42:怪物〈クリーチャー〉
街中に響く銃声、木っ端微塵に粉砕される家屋。避難が済んでいるとはいえ、街が破壊されていくのは気分が悪い。
弾丸の雨をかい潜り小さな少女が走る。今この瞬間だけはこの小柄な身体が頼もしい。真理よりも小さいせいか狙いが拙いのだ。背中から生えた触手、その先端の銃火器が火を吹くも当たりはしない。
走りながら左腕にアームドギアを巻きクロスギアを組み合わせる。
『ドッキング!』
空を舞う泥の蜂が投げたワイヤーを掴み善継を持ち上げた。フワフワと浮かび不規則に揺れ、弾丸の合間を縫うように避ける。
どんどん高度を上げ、真上から見下ろしギアに触れた。
「出し惜しみしている場合じゃねぇな。オーバートランス!」
『デコレーションアップ!』
ワイヤーを離し空中に身を投げ出す。触手が揺らめきこちらに銃口を向ける。
『魔法少女みうみう! サクリファイススティンガー!』
『How do you feel about being eaten alive?』
それよりも先に泥の蜂が分解、上半身を背に、下半身が右足に装備され翅を拡げた。蜂女となった善継……魔法少女みうみうが飛翔する。
右へ左へと銃撃を避けながら旋回。右足から針を出し蹴りと同時に発射する。
だが銃を盾にし防御。表面を凹ませるもダメージにはならない。
「硬いな。っと」
反撃と乱射する銃撃を避けながら視線は伸びた触手の先端、そこに生えている銃へと向かう。
精霊の力で武器を造るヒーローや勇者は珍しくはない。善継も金属操作の応用でワイヤーや武器を造るし、由紀も氷や炎を刀にしている。だが銃はそう上手くはいかない。
真理のようにあらかじめ武装として設計しているものならまだしも、精霊の力で戦闘中に造った者はいない。多くの勇者やヒーローが挑戦したが難航していた。
例えるなら粘土を使い部品の一つ一つを手作業で作るようなもの。面倒な上に正しい知識が無いと不可能だ。善継のように単純な刃物を形成するのも、強度や刃を立てるのを瞬時に行えるようになるまで訓練を重ねていた。
だからこそ、こんな簡単に銃を造るこのアデイクショナー、ファランクスが不可解だった。元々変身したホストのような男も銃の知識があるとは思えない。
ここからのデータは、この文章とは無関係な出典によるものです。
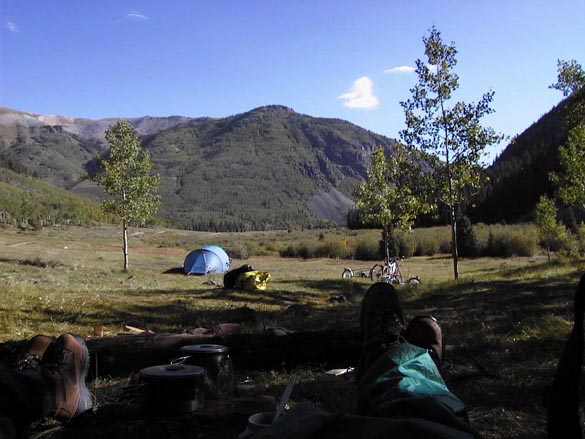 We started up the road again towards Engineer Pass. It didn't take us long to decide on an easy day. I was having stomach problems and my legs felt like jelly. Jeanne wasn't opposed to the idea of cutting the day's ride short for some serious high mountain rest and relaxation. After just over 5 miles and 1100 feet of elevation gain, we found a spur road leading to an isolated meadow complete with a stream and beaver pond, ringed on all sides by high mountains. We set up our tent, and lounged on a space blanket in the meadow, alternating between reading and watching the wildlife and the colors change on the peaks as clouds passed over.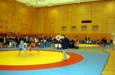 | 2面マットで熱戦を展開。 | A60kg級優勝、日体大で活躍した関川博紀さん。今秋の新潟国体にも出場か? | A66kg級優勝、山梨学院大〜自衛隊で活躍した勝目力也さん。現在は横浜修悠館高のコーチ。 | A74kg級決勝は小柴健二さん(青)と天谷満博さんの高校監督対戦で、小柴さんが勝つ。 |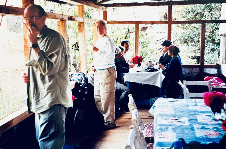 Thursday we walked downhill to Matatati. It was pouring the entire way so we stopped and bought plastics (heavy-duty garbage bags), cut out holes for head and arms, and wore them as rain jackets. It was a nice walk but by the time we arrived at Shamjhana Lodge we were soaked. As I fell asleep it was hard to believe that this would be our last night on the trail.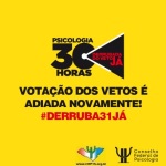 #Derruba31Já A sessão plenária que apreciaria o veto ao PL que fixa a jornada de 30 horas semanais para psicólogas e psicólogos sem redução salarial, LAMENTAVELMENTE, acaba de ser encerrada, … Continue lendo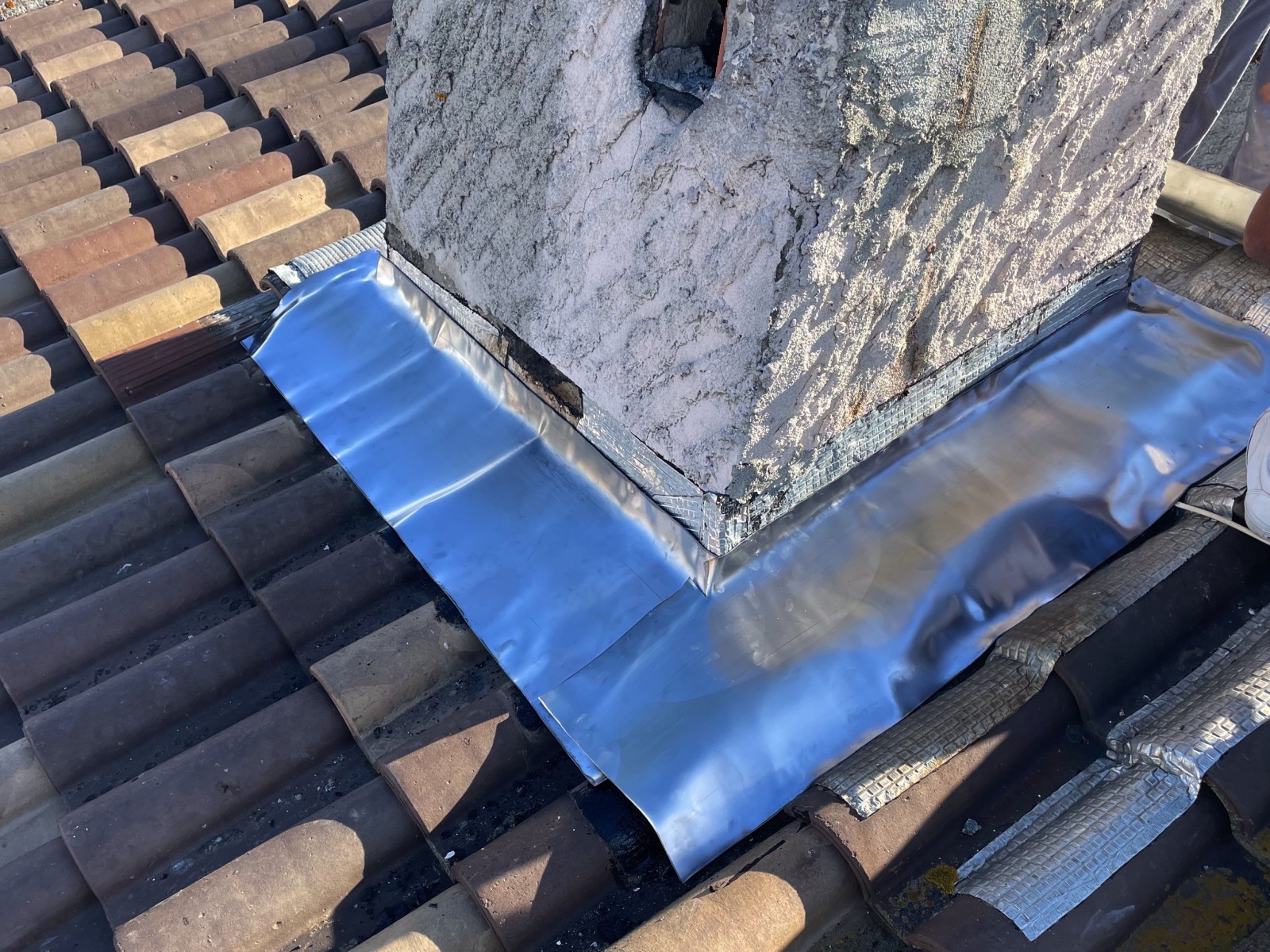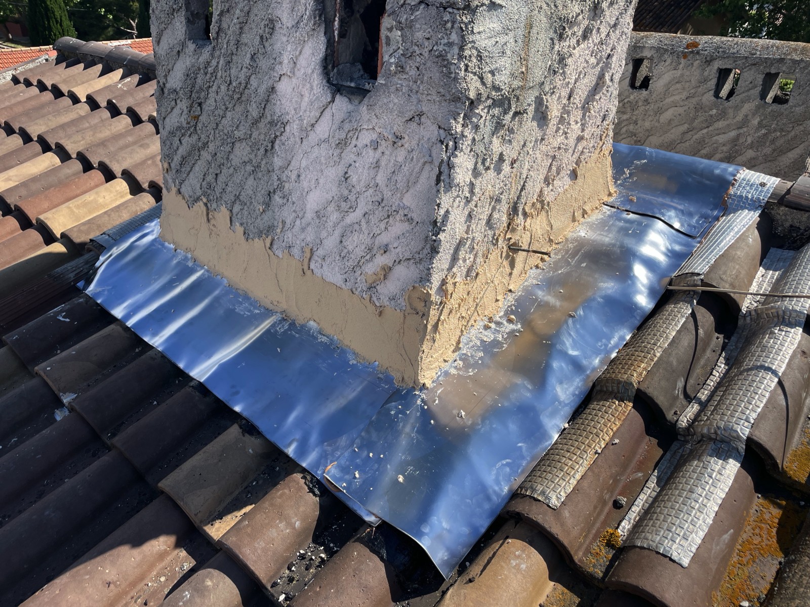 Le propriétaire de la maison nous a contacté car il avait une fuite causée par l’étanchéité vieillissante du tour de cheminée, Solin avec des tuiles cassées sur la toiture.

こうも多種多様な銃火器を取り揃える能力が異常そのものだろう。なんせ異世界に銃は無い、当然魔物も使うはずがない。
頭の中に疑問と不安が渦巻き一瞬集中力が途切れる。
それを狙ったのか、それとも偶然か。触手を体内に戻し再度生やした先端、新しい銃に反応が遅れてしまった。
「ゲッ……」
黒いペットボトルのようなものが先端に装填された長い筒。ロケットランチャーだ。
点火し飛来する爆薬の塊。咄嗟にナイフを編み迎撃するように投擲した。
(マズっ!)
ヒーローは軍人ではない。銃火器に詳しくないのも当たり前だ。だからこそ見誤ってしまった。元々の爆発、更にこのサイズによる威力の強化を。
迎撃したのは良い。ナイフと正面衝突し直撃は避けた。しかし爆炎の範囲が予想以上だった。
真っ赤な炎と黒い煙が爆音と共に広がり善継を飲み込む。
煙の中から落ちながらも体制を立て直し着地。ふらつきかけるも踏みとどまる。あちこち焼け焦げ小さな切傷が痛々しい。が、この程度で弱音を吐くような軟弱者ではない。
「ったく、なんつうもん撃つんだよ! 人間に向けて使うか馬鹿!」
顔を上げいざ反撃。と思っていたが腹部の先端、六つの銃身を束ねた黒光りする鉄塊が回転を始める。
「……そういやこうなる前から、全身武器の塊だったな」
ガトリング砲が火を吹くのと同時に蜘蛛の巣型の盾を展開、更に泥でコーティングし弾を受け止める。
泥が衝撃を吸収し持ちこたえるも、このままではジリ貧だ。更に少しずつだが市街地の方へと進んでいる。被害の拡大は絶対に阻止しなければならない。
「くそっ。強引にでも接近して殴るしか……な…………?」
銃撃が止まった。盾への衝撃が消えた。しかし自分の周囲が一気に暗くなり足元に巨大な影が広がる。
「んなの有りかよ!?」
跳躍したのだ。あの自重をコントロールできず飛べもしなかった蜂が、ファランクスと合体し強靭になった脚で。
時間の流れが遅くなったような気がする。それ程目を疑う光景だった。
空から落ちてくる巨体。長い六本の脚はアスファルトに到達すると、全てを押し潰し粉砕し、街のど真ん中にクレーターを作り上げたのだ。